Russ im Antarktis-Eis belegt vorindustriellen Einfluss des Menschen auf die Atmosphäre
Ein internationales Team hat nun endgültig ein Rätsel gelöst, das sich bei der Analyse eines Eisbohrkerns von der antarktischen Halbinsel im Jahr 2016 ergeben hatte. Damals stellten Forschende des Desert Research Institute in den USA fest, dass in einem bestimmten Bereich des Kerns die Konzentration von Russ anstieg – ein Bereich, der sich ab dem Jahr 1300 gebildet haben musste. Russ – in der Fachwelt auch als „Black Carbon“ bezeichnet – entsteht, wenn Kohle, Öl, Gas oder Biomasse verbrennt. In detektivischer Arbeit konnte nun das internationale Team belegen: Die Russ-Ablagerungen im Bohrkern sind darauf zurückzuführen, dass die Maori bei der Erstbesiedlung Neuseelands in grossem Massstab Wälder abbrannten.
Über ihre Ergebnisse berichtete das Team jetzt in der renommierten Zeitschrift Nature. „Die Vorstellung, dass Menschen bereits vor 700 Jahren eine deutliche Änderung in den atmosphärischen Russ-Konzentrationen durch Abbrennen der Wälder verursacht haben, ist sehr überraschend”, sagt Joe McConnell vom Desert Research Institute, Hauptautor der Publikation.

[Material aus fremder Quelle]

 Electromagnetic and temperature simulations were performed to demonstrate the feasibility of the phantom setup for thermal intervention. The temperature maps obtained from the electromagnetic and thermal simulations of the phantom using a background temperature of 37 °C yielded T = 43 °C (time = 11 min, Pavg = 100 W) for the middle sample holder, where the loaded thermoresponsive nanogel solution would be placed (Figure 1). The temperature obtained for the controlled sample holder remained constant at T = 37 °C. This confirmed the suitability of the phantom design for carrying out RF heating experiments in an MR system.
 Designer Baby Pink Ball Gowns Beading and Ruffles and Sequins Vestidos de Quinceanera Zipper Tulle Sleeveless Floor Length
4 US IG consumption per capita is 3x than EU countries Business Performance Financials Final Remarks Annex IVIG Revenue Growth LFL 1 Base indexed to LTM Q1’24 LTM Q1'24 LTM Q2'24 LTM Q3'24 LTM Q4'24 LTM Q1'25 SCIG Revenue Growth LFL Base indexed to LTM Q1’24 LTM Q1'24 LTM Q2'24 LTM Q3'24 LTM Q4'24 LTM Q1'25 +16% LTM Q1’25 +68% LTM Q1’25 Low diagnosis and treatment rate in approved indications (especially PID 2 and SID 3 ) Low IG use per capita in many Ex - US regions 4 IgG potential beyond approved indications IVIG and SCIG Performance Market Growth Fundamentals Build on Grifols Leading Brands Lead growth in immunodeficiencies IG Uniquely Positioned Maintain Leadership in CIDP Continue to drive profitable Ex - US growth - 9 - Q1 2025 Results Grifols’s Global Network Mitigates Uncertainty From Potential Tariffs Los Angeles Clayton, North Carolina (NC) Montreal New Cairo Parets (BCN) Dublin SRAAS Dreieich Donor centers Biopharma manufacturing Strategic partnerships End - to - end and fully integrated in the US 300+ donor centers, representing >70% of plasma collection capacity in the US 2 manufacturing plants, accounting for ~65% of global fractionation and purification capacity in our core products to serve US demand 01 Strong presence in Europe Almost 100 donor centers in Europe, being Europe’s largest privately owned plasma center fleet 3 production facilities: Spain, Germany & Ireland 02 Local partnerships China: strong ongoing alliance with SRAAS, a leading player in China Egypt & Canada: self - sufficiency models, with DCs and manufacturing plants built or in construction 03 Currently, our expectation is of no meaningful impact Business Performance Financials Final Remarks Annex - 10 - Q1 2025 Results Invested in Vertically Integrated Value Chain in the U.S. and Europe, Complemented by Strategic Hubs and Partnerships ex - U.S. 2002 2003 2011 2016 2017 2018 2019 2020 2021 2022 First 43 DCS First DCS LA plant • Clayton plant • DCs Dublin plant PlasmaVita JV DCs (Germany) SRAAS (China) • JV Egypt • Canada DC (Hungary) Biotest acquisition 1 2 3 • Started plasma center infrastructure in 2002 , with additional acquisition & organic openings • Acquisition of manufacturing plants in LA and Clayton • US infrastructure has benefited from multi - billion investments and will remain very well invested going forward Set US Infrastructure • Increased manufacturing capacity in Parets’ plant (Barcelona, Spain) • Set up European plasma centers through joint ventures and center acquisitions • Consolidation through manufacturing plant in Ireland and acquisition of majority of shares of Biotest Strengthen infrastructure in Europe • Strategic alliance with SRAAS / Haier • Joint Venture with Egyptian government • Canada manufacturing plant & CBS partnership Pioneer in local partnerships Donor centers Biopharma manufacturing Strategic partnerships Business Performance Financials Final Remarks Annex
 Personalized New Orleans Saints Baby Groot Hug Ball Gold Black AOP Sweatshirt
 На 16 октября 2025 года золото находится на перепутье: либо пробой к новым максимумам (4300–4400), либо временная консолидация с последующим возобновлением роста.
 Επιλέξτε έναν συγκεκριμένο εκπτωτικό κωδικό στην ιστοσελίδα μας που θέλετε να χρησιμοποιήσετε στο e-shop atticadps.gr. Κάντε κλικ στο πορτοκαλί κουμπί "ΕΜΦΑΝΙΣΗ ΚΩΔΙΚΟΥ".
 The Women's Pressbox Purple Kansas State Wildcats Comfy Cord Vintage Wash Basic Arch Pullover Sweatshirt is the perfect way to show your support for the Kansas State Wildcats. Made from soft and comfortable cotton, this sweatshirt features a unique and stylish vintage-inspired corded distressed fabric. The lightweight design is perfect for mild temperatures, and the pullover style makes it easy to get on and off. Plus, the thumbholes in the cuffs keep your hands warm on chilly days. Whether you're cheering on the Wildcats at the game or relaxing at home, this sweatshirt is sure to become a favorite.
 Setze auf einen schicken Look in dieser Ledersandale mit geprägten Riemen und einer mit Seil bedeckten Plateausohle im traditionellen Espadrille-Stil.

Er, der damals für die Messungen im Eisbohrkern verantwortlich war, freut sich wohl nicht nur wegen der neuen Erkenntnisse, sondern auch, weil damit ein möglicher Analysefehler vom Tisch ist. Denn merkwürdig war, dass der Anstieg der Russ-Ablagerungen ab dem Jahr 1300 in anderen Eisbohrkernen aus der Ostantarktis nicht festzustellen war. Genau diese Tatsache ist nun sogar das entscheidende Puzzleteil, das die Herkunft des Black Carbon klärt.

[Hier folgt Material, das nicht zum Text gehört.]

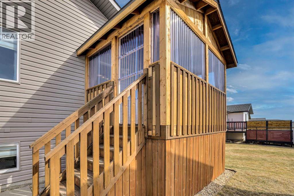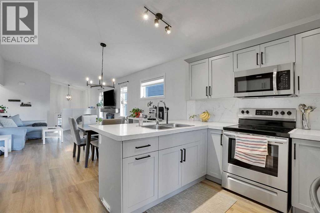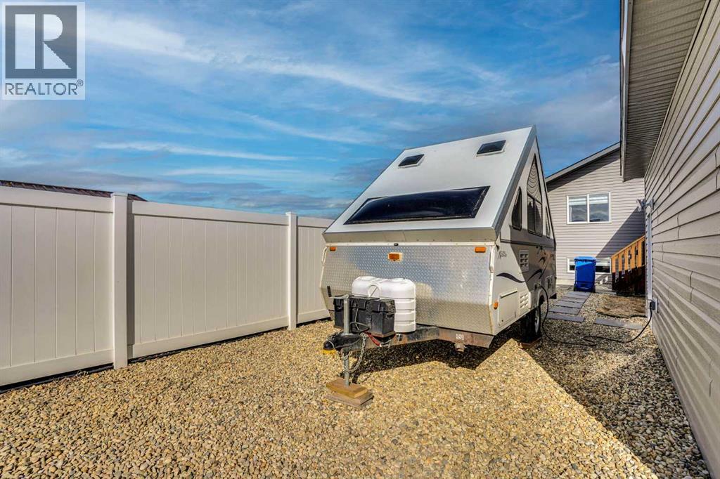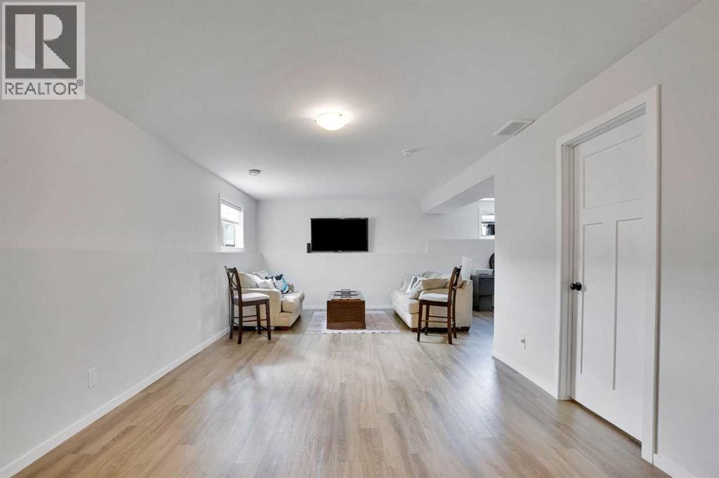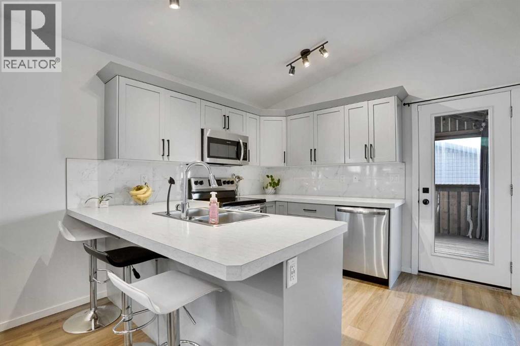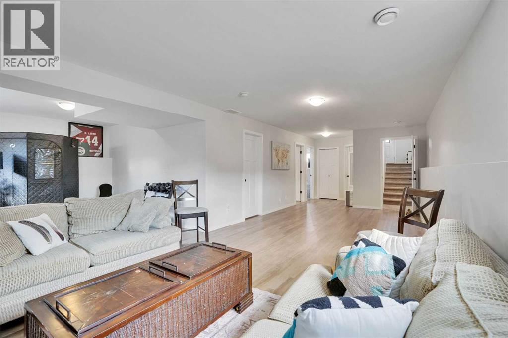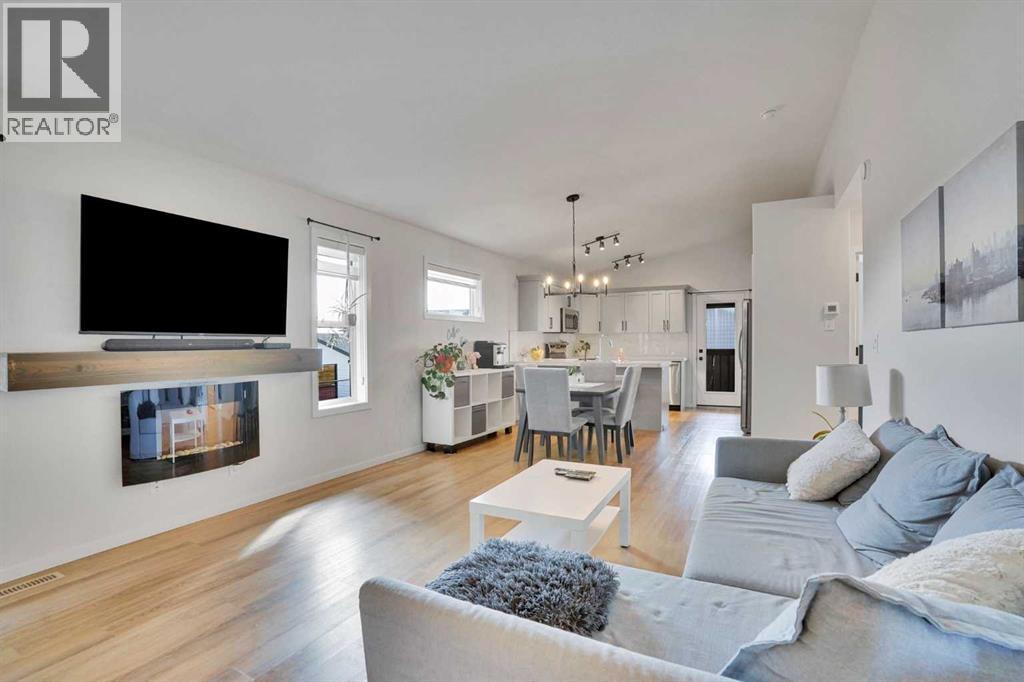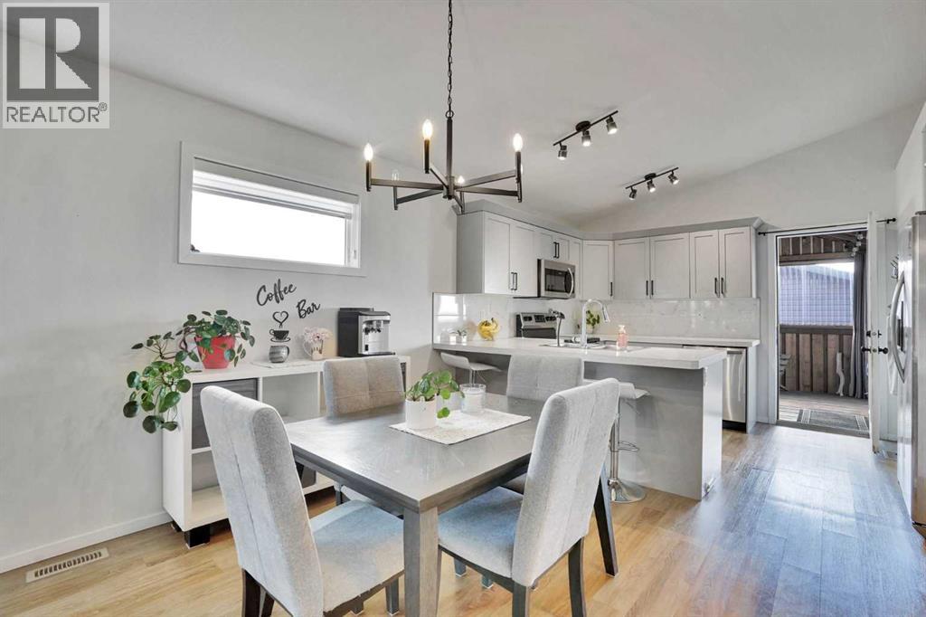 FULLY FINISHED 4 BEDROOM, 3 BATHROOM BI-LEVEL ~ HEATED DETACHED GARAGE ~ WEST FACING BACKYARD ~ Covered front entry welcomes you and leads to a sun filled foyer ~ Open concept main floor layout is complemented by vaulted ceiling and vinyl plank flooring ~ The living room is centred by a cozy fireplace with a mantle above and opens to the dining space where you can easily accommodate large gatherings ~ The U-shaped kitchen offers a functional layout with plenty of white cabinets, ample counter space including an island with an eating bar, full tile backsplash, and a wall pantry ~ Garden door access from the kitchen leads to the covered deck and backyard ~ The primary bedroom can easily accommodate a king size bed plus multiple pieces of furniture, has a spacious walk in closet, and a convenient 4 piece ensuite ~ 2 additional bedrooms located on the main level are both a generous size with ample closet space ~ 4 Piece main bathroom ~ The fully developed basement with large above grade windows offers a huge L-shaped family room, 4th bedroom, laundry, and space for storage ~ The sunny west facing backyard is landscaped, and mostly fenced with a large parking pad (room for an RV) and back alley access ~ Heated garage is insulated, finished with painted drywall, and has built in shelving ~ Located in desirable Timber Ridge, known for it's walkability, numerous schools, parks,playgrounds, walking trails and shopping plazas with excellent shopping and dining ~ Easy access to Balmoral Golf Course, Canyon Ski Resort & Rec Area. (id:51989)

Denn inzwischen haben Wissenschaftlerinnen und Wissenschaftler der Universität Wien und des Norwegischen Instituts für Luftforschung (NILU) eine Technik der Computermodellierung entwickelt, die es erlaubt, den atmosphärischen Transport von historischen Emissionen bis zur Quelle zurückzuverfolgen. „Rückwärtsrechnungen mit unserem Transportmodell von den Eisbohrkernen zeigten, dass die Russ-Ablagerungen auf der antarktischen Halbinsel bei gleichzeitigem Fehlen solcher Ablagerungen in der Ostantarktis nur mit Russ-Emissionen in Patagonien, Tasmanien und Neuseeland erklärbar sind“, sagt Andreas Stohl. Der Meteorologe von der Universität Wien weiter: „Weiter nördlich gelegene Gegenden in Afrika, Australien oder etwa der Amazonas-Region konnten wir als Quellregion ausschliessen, da diese in der Ostantarktis einen ähnlichen Anstieg der Russ-Deposition verursacht hätten wie auf der antarktischen Halbinsel.“
Mittels Analysen von Ablagerungen in Seen gelang es den Forschenden, die Russ-Quelle weiter einzugrenzen: Nur in Neuseeland zeigte sich ein Anstieg von Holzkohle-Ablagerungen vor 700 Jahren. Somit ist klar: Es ist kein Zufall, dass die Ankunft der Moari in Neuseeland zeitlich mit dem Anstieg der Russ-Konzentrationen auf der antarktischen Halbinsel zusammenfallen. Zwischen Neuseeland und der antarktischen Halbinsel liegen ungefähr 6000 Kilometer.
Die Studie zeigt, dass die häufig geäusserte Annahme falsch ist, der Mensch habe in vorindustriellen Zeiten die Erdatmosphäre nicht verändert. „Selbst die entlegensten Teile der Erde waren in vorindustriellen Zeiten nicht unbedingt unberührt“, sagt McConnell.
Die Studie ist aber auch noch in anderer Hinsicht bedeutsam: Sie verringert die wissenschaftliche Unsicherheit, wann die Maori in Neuseeland eintrafen. Durch die Eiskernmessung kann der Beginn der grossflächigen Verbrennungen in Neuseeland auf 1297 datiert werden, mit einem Unsicherheitsrahmen von lediglich 30 Jahren.